Evidence-based approaches capitalize on clinical knowledge with modern quality management techniques and big data. The results, validated in many settings, demonstrate far superior health outcomes.

Habit #5: Refuse to sign blank checks the to healthcare industry

There is no reason to sign a blank check to the healthcare industry, which is the de facto approach too many employers have come to accept. As I assembled a Dream Team of benefits experts for the solution to United Technologies' plan for shipping jobs to Mexico, they made it clear that virtually every area of healthcare has high-integrity and high-quality providers that welcome price transparency. Bundled procedures are an important tip-of-the-iceberg example, but it goes far beyond that. True price transparency has solved the most vexing problem in healthcare—pricing failure. So-called "transparency tools" that simply highlight the best bad deal and still inflict a horrible consumer experience have proven they don't get the job done. 

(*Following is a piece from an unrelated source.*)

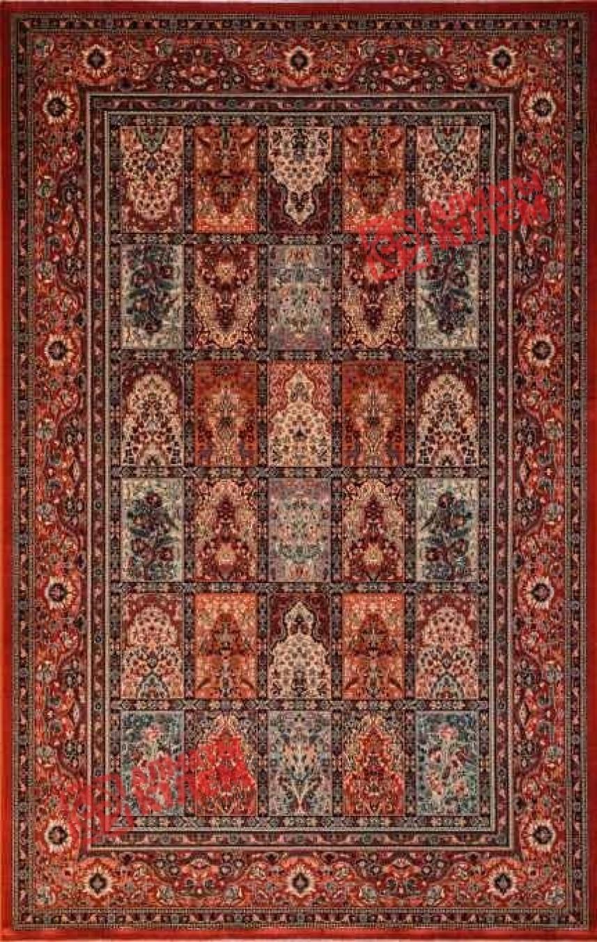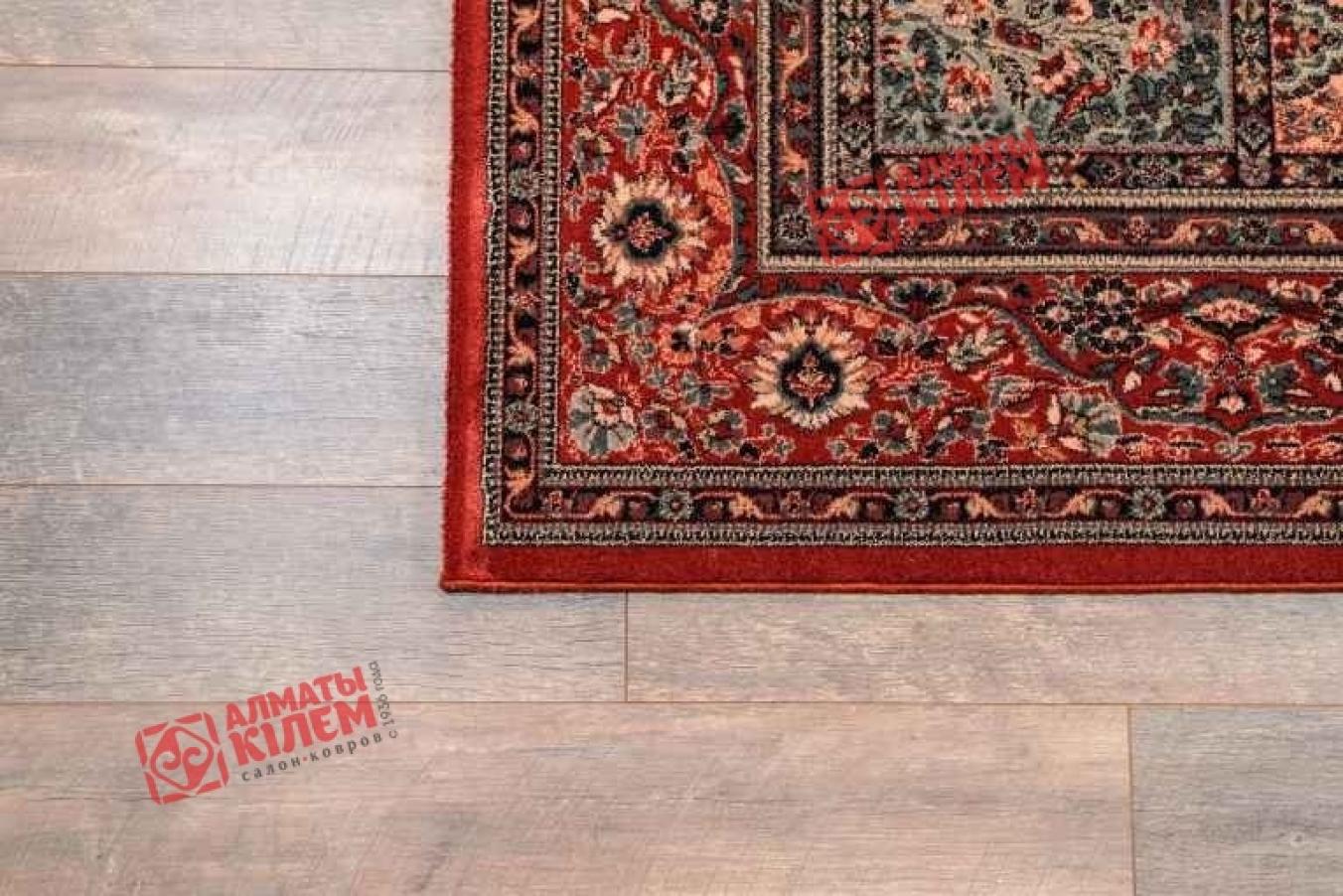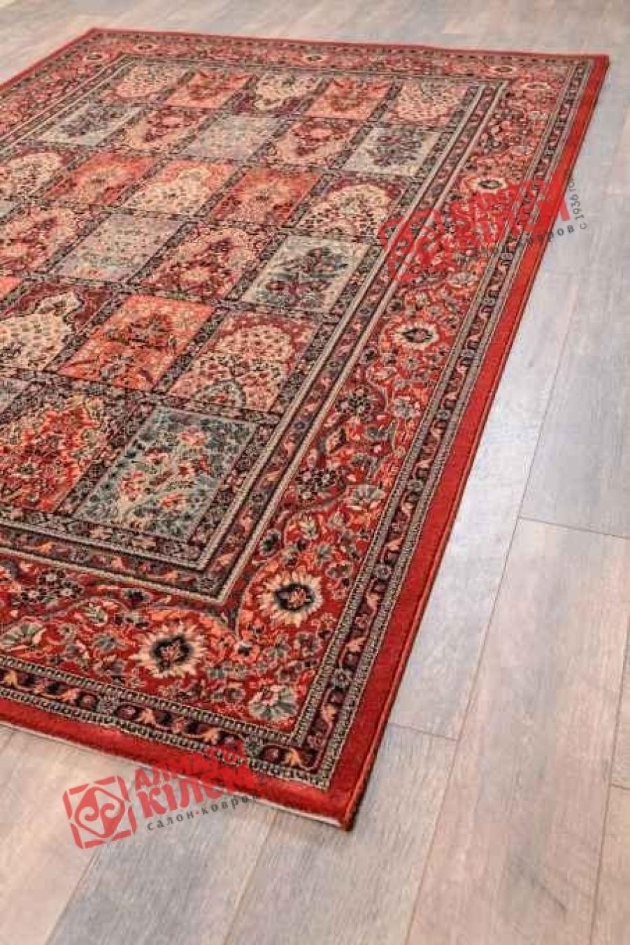 Чисто шерстяной красный ковер от бельгийского бренда «OSTA CARPETS N.V.» — это роскошное украшение абсолютно для любого интерьера. Полотно имеет поистине королевские размеры. Его ширина достигает почти двух с половиной, а длина — трех с половиной метра. Дизайн ковра просто великолепен. Он сочетает в себе элементы печворка и классики. Центральный рисунок классического ковра представляет собой множество фрагментов, соединенных вместе. Каждый имеет свой рисунок. Узоры похожи между собой мотивом, но отличаются оттенками и некоторыми деталями. Они обрамлены широкой рамкой с узорами, обрамленной двумя тонкими темными. Рисунок образован белым, черным, бежевым, серовато-голубым и красным.

Habit #6: Think win-win. Reward employees by sending them to high-quality providers who should also be rewarded for safety transparency

Johns Hopkins surgeon Dr. Marty Makary pointed out in devastating detail in his Unaccountable book how flawed the safety culture is in far, far too many hospitals. No business would accept half of the inputs from a supplier adding no value, which is the norm in healthcare. Nor would a corporate travel department allow an employee to fly on an airline if it suppressed their safety records (even if the FAA allowed this). Yet, every day, employers put beneficiaries in harm’s way by allowing them to use providers suppressing safety deficiencies. It’s unconscionable to blindly go into hospitals with little or no information on their safety culture despite it being available to the hospital itself. Makary lays out in "How to Stop Hospitals From Killing Us" how forward-looking hospitals are transparent about their safety records and culture. Naturally, any hospital proud of its safety record shouts it to the hills. What does it say about a hospital that suppresses safety scores and intensely lobbies to hide this information from the public? By extension, what does it say about an employer willing to send unwitting employees into a hospital that is suppressing safety scores?

Habit #7: Sharpen the saw: Avoid reckless plan document language costing millions

As mundane as ERISA plan language can sound, the most effective benefits leaders ensure there is good plan hygiene. It’s such an important topic, there is a section of the Health Rosetta dedicated to sample plan document language. The previous habits and other items must be properly documented or an employer lacks important recourse. One of the most important items helps avoid what has happened to HR executives at the GAP where they were named in a lawsuit—something that could have been easily avoided with the following example of good ERISA plan practices :

Outsourcing fiduciary duties for final-level internal appeals is the most efficient and cost-effective way of handling this responsibility. For this reason, leading ERISA firms provider approach that shifts the fiduciary burden of handling final-level appeals onto a neutral third-party, which assumes the risk for the determination.

Fortunately, there are high-quality providers across the range of healthcare areas. As one puts it, they strive to deliver “twice the healthcare, at half the price and 10 times the delight.” Forward-looking benefits leaders are proving that the best way to slash healthcare costs is to improve benefits.